Building the libc++ shared or static library requires a C++ 20 capable compiler. Consider using a Bootstrapping build to build libc++ with a fresh Clang if you can’t use the system compiler to build libc++ anymore.

Historically, there has been numerous ways of building libc++ and libc++abi. This has culminated in over 5 different ways to build the runtimes, which made it impossible to maintain with a good level of support. Starting with this release, the runtimes support exactly two ways of being built, which should cater to all use-cases.
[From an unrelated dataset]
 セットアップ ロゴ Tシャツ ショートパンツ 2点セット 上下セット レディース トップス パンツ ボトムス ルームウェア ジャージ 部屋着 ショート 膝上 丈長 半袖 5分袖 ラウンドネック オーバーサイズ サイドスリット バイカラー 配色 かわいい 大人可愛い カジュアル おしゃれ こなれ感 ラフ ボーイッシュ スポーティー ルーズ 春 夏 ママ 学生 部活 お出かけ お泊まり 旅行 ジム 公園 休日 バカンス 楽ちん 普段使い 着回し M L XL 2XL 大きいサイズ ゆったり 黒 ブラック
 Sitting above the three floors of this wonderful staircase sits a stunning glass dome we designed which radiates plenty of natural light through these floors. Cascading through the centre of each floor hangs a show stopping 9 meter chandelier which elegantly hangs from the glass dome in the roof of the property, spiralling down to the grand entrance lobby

Furthermore, these builds are as lightweight as possible and will work consistently even when targeting embedded platforms, which used not to be the case. Please see the documentation on building libc++ to see those two ways of building and migrate over to the appropriate build instructions as soon as possible.
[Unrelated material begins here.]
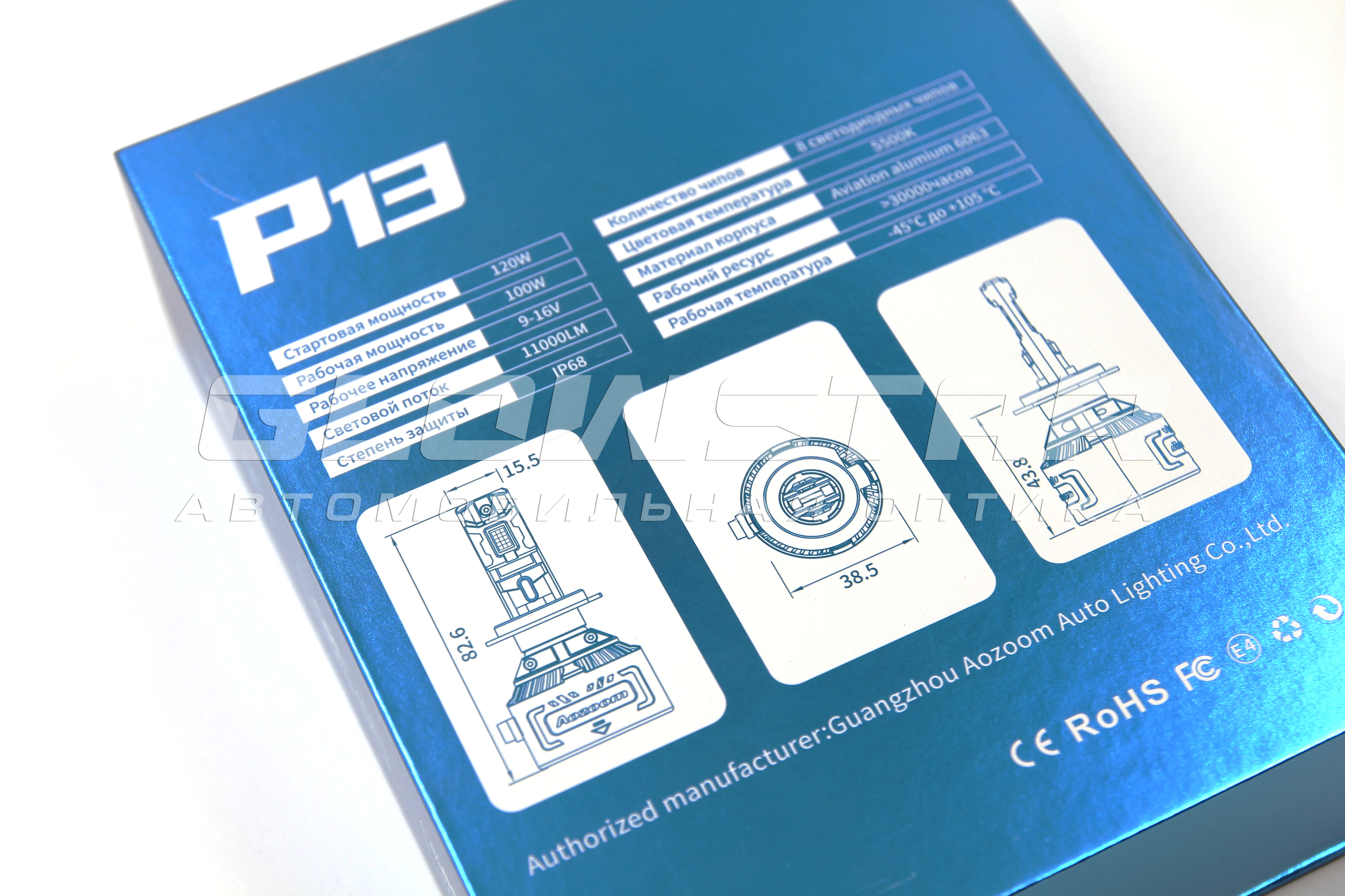 Aozoom P13/H1 с вентилятором 12V 100W 11000Lm (комплект, 2шт)

All other ways to build are deprecated and will not be supported in the next release. We understand that making these changes can be daunting. For that reason, here’s a summary of how to migrate from the two most common ways to build:

• If you were rooting your CMake invocation at <monorepo>/llvm and passing -DLLVM_ENABLE_PROJECTS=<...> (which was the previously advertised way to build the runtimes), please simply root your CMake invocation at <monorepo>/runtimes and pass -DLLVM_ENABLE_RUNTIMES=<...>.

• If you were doing two CMake invocations, one rooted at <monorepo>/libcxx and one rooted at <monorepo>/libcxxabi (this used to be called a “Standalone build”), please move them to a single invocation like so:

  $ cmake -S <monorepo>/libcxx -B libcxx-build <LIBCXX-OPTIONS>
  $ cmake -S <monorepo>/libcxxabi -B libcxxabi-build <LIBCXXABI-OPTIONS>
  

  should become

  $ cmake -S <monorepo>/runtimes -B build -DLLVM_ENABLE_RUNTIMES="libcxx;libcxxabi" <LIBCXX-OPTIONS> <LIBCXXABI-OPTIONS>
  

Support for building the runtimes using the GCC 32 bit multilib flag (-m32) has been removed. Support for this had been flaky for a while, and we didn’t know of anyone depending on this. Instead, please perform a normal cross-compilation of the runtimes using the appropriate target, such as passing the following to your bootstrapping build:

-DLLVM_RUNTIME_TARGETS=i386-unknown-linux

Libc++, libc++abi and libunwind will not be built with -fPIC by default anymore. If you want to build those runtimes with position independent code, please specify -DCMAKE_POSITION_INDEPENDENT_CODE=ON explicitly when configuring the build, or -DRUNTIMES_<target-name>_CMAKE_POSITION_INDEPENDENT_CODE=ON if using the bootstrapping build.